India is a linguistically diverse country with a large flow of internal migrants. This article demonstrates that the greater the “linguistic distance” between a woman’s native language and the dominant language of the district in which she resides, the worse are her health outcomes. Further, linguistic distance also has a negative impact on access to healthcare services for children.
Language plays a foundational role in shaping social interactions and enabling access to economic opportunities through education, employment, and access to public services. However, languages differ widely in terms of structure and composition, even within the same geographic areas, and these differences can create barriers to communication and integration. These barriers are significant for migrants, in particular, as their native language often varies from the dominant language of the place in which they reside.
The potential returns to an investment in learning a new language are high (Chiswick 2008, Ginsburgh and Weber 2020). However, learning a new language is also costly, and the cost of acquiring a new language for an individual depends, in part, on how linguistically distinct the new language is from an individual’s native tongue, that is, how big the language barrier is. For migrants, the more distinct their native tongue is from the dominant language of the region in which they reside, the greater the costs they face in achieving socioeconomic integration.
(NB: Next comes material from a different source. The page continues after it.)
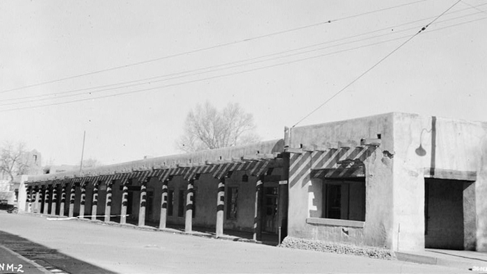 #3. Третьим в списке наистарейших жилых домов США - Палас Губернаторов построен в 1610 для первого испанского королевского губернатора как центр управления и жилые покои. Он прослужил в этом качестве при Испанской колонизации (1610-1821) и во время Мексиканской эры (1821-1846), и после формирования Нью-Мексиканской Территории (1848–1912). В 1912 территория была признана Штатом, но Палас закончил свое назначение губернаторской резиденцией в 1909. Здание знало и бурные времена. Несколько раз индейцы Пуэбло захватывали здание, например во время восстания (1680-1693), а также много позже во времена Конфедерации в 1862. Здание находится в историческом центре Санта Фе - столицы штата Нью-Мексико. Сейчас там музей, здание замечательно сохранилось. Стиль - Возрождение Пуэбло. Я сравнил винтажные и современные фотки снаружи, вообще без изменений.

India has significant linguistic diversity with 22 official languages and thousands of dialects. Proficiency in the local dominant language enables people to get access to education, healthcare and the labour market (Laitin and Ramachandran 2016). At the same time, there are a large number of internal migrants (temporary and seasonal) within the country. Census data from 2011 indicates that the number of rural-urban migrants is 51 million. Given this extent of linguistic diversity, it is likely that a migrant’s mother tongue is different from the dominant language of the region, imposing costs on migrants in terms of human capital outcomes.
In our study (Jayakumar and Sharma 2025), we examine the consequences of linguistic barriers on access to healthcare and, consequently, on health outcomes. In particular, we estimate the effect of the increase in the cost of acquiring a local dominant language on observed health outcomes and health-seeking behaviour. To quantify the costs of acquiring a language, we use a measure of linguistic distance (LD) developed by Fearon (2003).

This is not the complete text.